Auf meinem Anrufbeantworter hatte ich eine Nachricht. Der Direktor bat mich, am nächsten Vormittag in meiner Freistunde zu ihm zu kommen. So ungewöhnlich das war, es deutete auch beim zweiten und dritten Anhören nichts darauf hin, dass es wegen der Bombendrohung war oder gar wegen Daniel oder wegen des Bildes in der Zeitung. Er sagte, er würde sich freuen, wenn ich es so einrichten könnte, ihn in seinem Büro aufzusuchen, und obwohl er es sonst immer anders handhabte und mich auf dem Gang ansprach, wenn er mich sehen wollte, gab es keinen Grund zum Argwohn. Ich löschte die Nachricht, schaltete alle Lichter aus, stellte mich im Schlafzimmer ans Fenster und schaute hinunter auf die Straße, wie ich es immer tat, bevor ich ins Bett ging.

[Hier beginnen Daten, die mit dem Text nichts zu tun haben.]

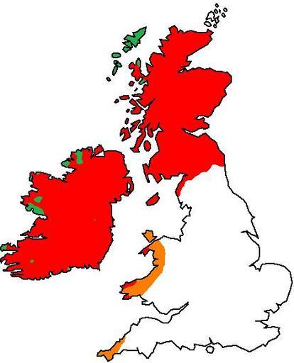| Keywords: Gaelic British Isles.jpg Irish LéirÃonn an Ãomhá seo na teorannacha is leithne a raibh an Sean-Ghaeilge á labhairt dearg Éire Alban Oileán Mhanainn san áireamh mar aon le háiteanna i dtuaisceart Shasana iarthar na Breataine Bige agus Corn na Breataine LéirÃonn an Ãomhá áit ina mbÃonn clocha nó croimleacha le abairtà scrÃofa san ogham iontu oráiste ScrÃobhadh an chuid is mó de na habairtà seo sa tSean-Ghaeilge Gaelic Bidh an dealbh seo a' taisbeanadh an sgìre na bu mhotha far a bheilear an dùil Seann-Ghà idhlig air bruidhinn dearg a' gabhail a-steach Èireann Alba Eilein Mhannain agus à itichean ann an taobh tuath Shasainn taobh siar Chumraigh aus a' Chòirn Bidh an dealbh cuideachd a' taisbeanadh far a faighear clachan le sgrìobhadh oghaim orainds Bha a' mhòr-chiud den sgrìobhaidhean seo air an sgrìobhadh sa Seann-Ghà idhlig French Cette image montre la superficie maximale où l ™on parlait le vieil irlandais ou gaélique rouge y compris Irlande Écosse l ™Isle de Man et aussi quelques endroits comme le nord d'Angleterre l ™ouest du Pays de Galles et en Cornouailles L ™image montre les régions dans lesquelles on trouve des pierres avec des inscriptions oghamiques orange La plupart de ces inscriptions sont écrites en ancien irlandais English This image shows the maximum area where Old Irish or Gaelic was spoken red including Ireland Scotland Isle of Man and also some places in northern England western Wales and Cornwall The image shows the area where there are stones with Ogham inscriptions orange Most of these stones are written in old Irish The green areas are those where Gaelic is still spoken as the vernacular Spanish Esta imagen muestra la superficie máxima donde se hablaba el irlandés antiguo o gaélico rojo entre ellos Irlanda Escocia la Isla de Man y también algunos lugares en el norte de Inglaterra el oeste de Gales y Cornualles La imagen muestra el área donde hay piedras con inscripciones Ogham naranja La mayorÃa de estas inscripciones están escritas en gaélico antiguo 2008-11-27 Transferred from http //en wikipedia org en wikipedia by Ronhjones D de loinsigh at en wikipedia other versions D de loinsigh Original upload log page en wikipedia Gaelic_British_Isles jpg Upload date User Bytes Dimensions Comment 2008-11-27 04 57 UTC D de loinsigh 35379 bytes 469×580 <small><nowiki>LéirÃonn an t-Ãomhá seo na teoiraiannacha is leithne a raibh an sean-Ghaeilge á labhairt dearg Éire Alba Oileán Mhainainn san áireamh mar aon le áiteanna i dtuaisceart Shasana iarthar na Breataine Bige agus Corn na Breataine LéirÃonn a</nowiki></small> Celtic languages Maps of the British Isles |
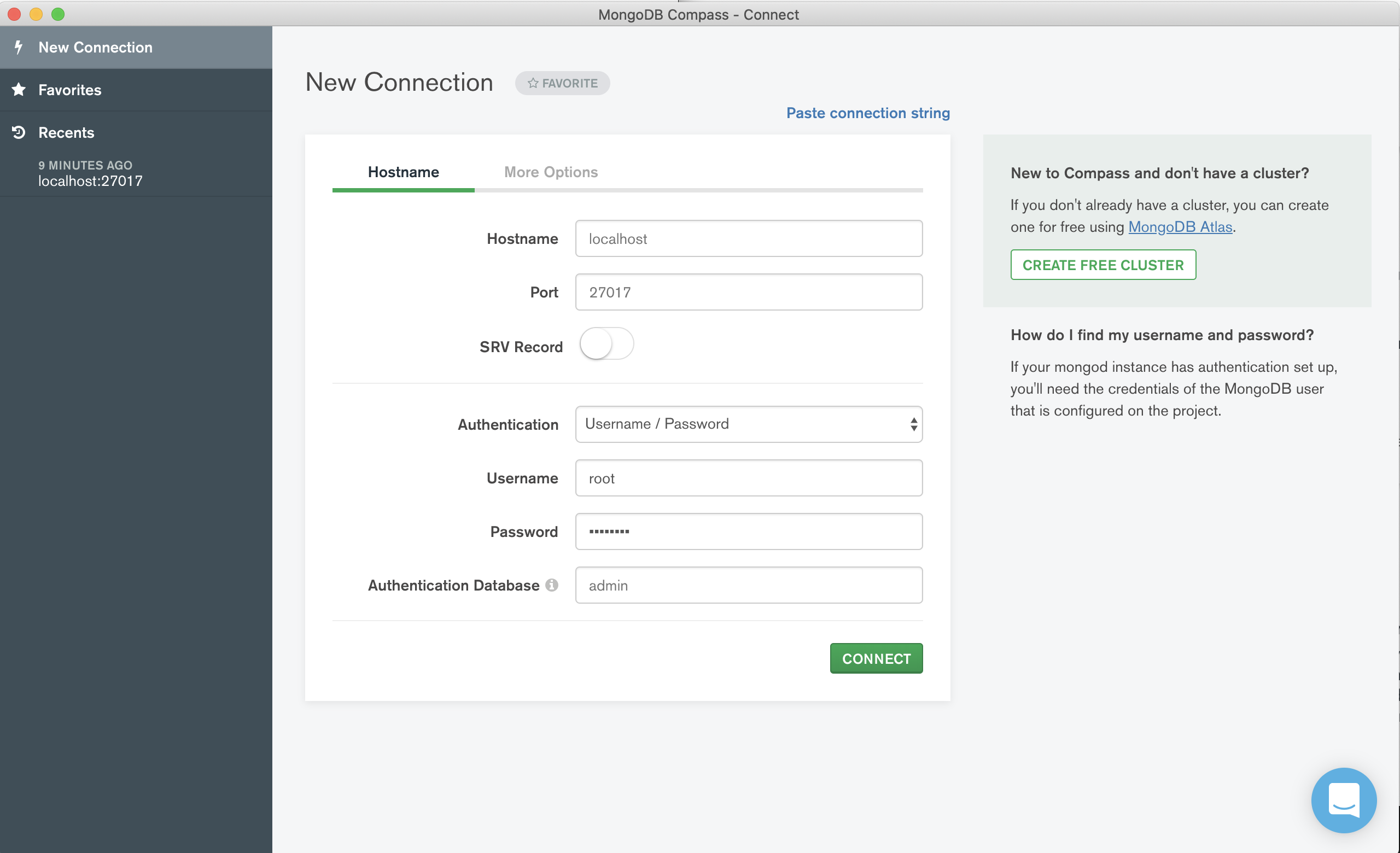 아까 만든 계정 이름과 비밀번호 입력해주고 Connect 시키면 끝

Dort war, einen Tag nachdem er mich in der Schule angesprochen hatte, Daniel gestanden. Er lehnte im Eingang des gegenüberliegenden Gebäudes, vor dem Kinder einen Schneemann gebaut hatten, und das Licht von der nächsten Straßenlaterne fiel nicht auf sein Gesicht, aber es gab keinen Zweifel, er war es, der zu mir heraufschaute. Er hatte sich nach unserem Gespräch im Klassenzimmer nicht abwimmeln lassen, meine Tasche gepackt und mich gegen meinen Willen nach Hause begleitet, und etwas von der Anspannung, die er dabei ausstrahlte, etwas von der paradoxen Mischung aus Aggression und Zuwendung, wenn nicht sogar Unterwürfigkeit, schien auch in der Gestalt in der Dunkelheit zu stecken. Ich überlegte, das Fenster zu öffnen und ihm zuzurufen oder zu ihm hinunterzugehen und ihn zu verscheuchen, aber dann machte ich nur das Fernsehlicht an, stellte mich so hin, dass er mich sehen musste, und wartete, was geschehen würde. Es dauerte eine Viertelstunde, bis er aufbrach, und wenn ich es richtig beurteile, ließ er sich absichtlich Zeit und legte es gar nicht darauf an, sich im Schatten zu halten, geradeso, als wäre es ihm nur recht, wenn ich ihn erkannte.
4
Über diesen Auftritt habe ich seither ebenso oft nachgedacht wie über das Gespräch am Tag davor, seine Verstiegenheit, und dass mir immer unwohl war, wenn jemand mir auf solche Weise zu nahe trat wie Daniel. Vielleicht habe ich den Dialog ein bisschen zugespitzt, ihn noch hölzerner gemacht, noch irrealer, als ich die Worte damals empfand mit ihrer Konfrontation, ich würde ihn nicht mögen, aber so wie ich sie aufgeschrieben habe, geben sie die Stimmung dieses Dezembertags genau wieder, an dem Daniel schließlich neben mir durch die Stadt trottete. Ich erinnere mich, dass es schon, als wir die Schule verließen, zu schneien begann, und als wir vor meinem Haus ankamen, schneite es in dicken Flocken, und er stand da, als wollte er sich buchstäblich in meine Hände begeben und sich ebenso buchstäblich von mir formen lassen. Da ich ihn bis dahin nicht gefragt hatte, warum er plötzlich so erpicht auf die richtige Lektüre sei, holte ich es jetzt nach, und er sagte, ich hätte doch selbst einmal erklärt, man sei, was man lese, und er habe schon immer ein anderer werden wollen oder, wenn das nicht gehe, wenigstens ganz und gar er selbst.